== Task directions ==
Word for word, print out all of the data, omitting every image.

== Source data ==
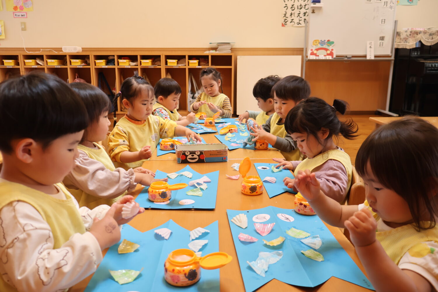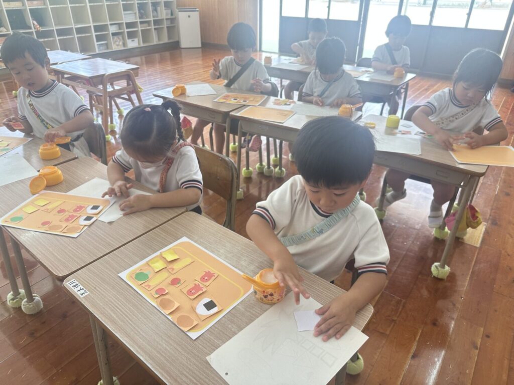 あやめ組さんは初めての糊の感触に不思議そう!伸ばしたりトントンしたり楽しかったね😊
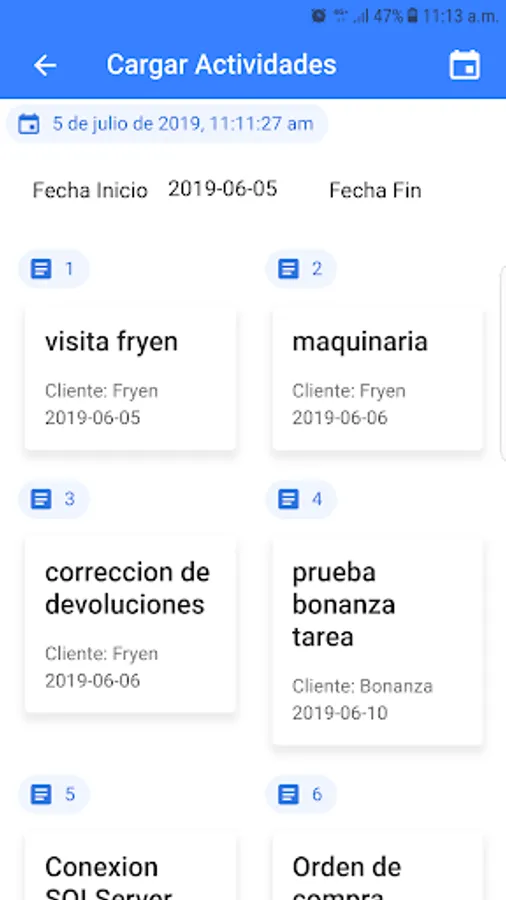 Allows you to consult the activities that you registered in the platform and these will be saved in your agenda to later record your reports of each of them, plus you can include a photo in your reports.
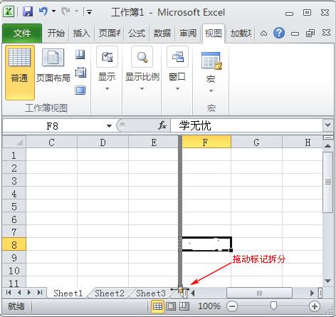 我们将鼠标移动到垂直或者水平滚动条的标记上,当变成其他的鼠标样式的时候我们进行上下或者左右移动即可拆分单元格了,如图2所示。

== Answer to this problem ==
 あやめ組さんは初めての糊の感触に不思議そう!伸ばしたりトントンしたり楽しかったね😊
 Allows you to consult the activities that you registered in the platform and these will be saved in your agenda to later record your reports of each of them, plus you can include a photo in your reports.
 我们将鼠标移动到垂直或者水平滚动条的标记上,当变成其他的鼠标样式的时候我们进行上下或者左右移动即可拆分单元格了,如图2所示。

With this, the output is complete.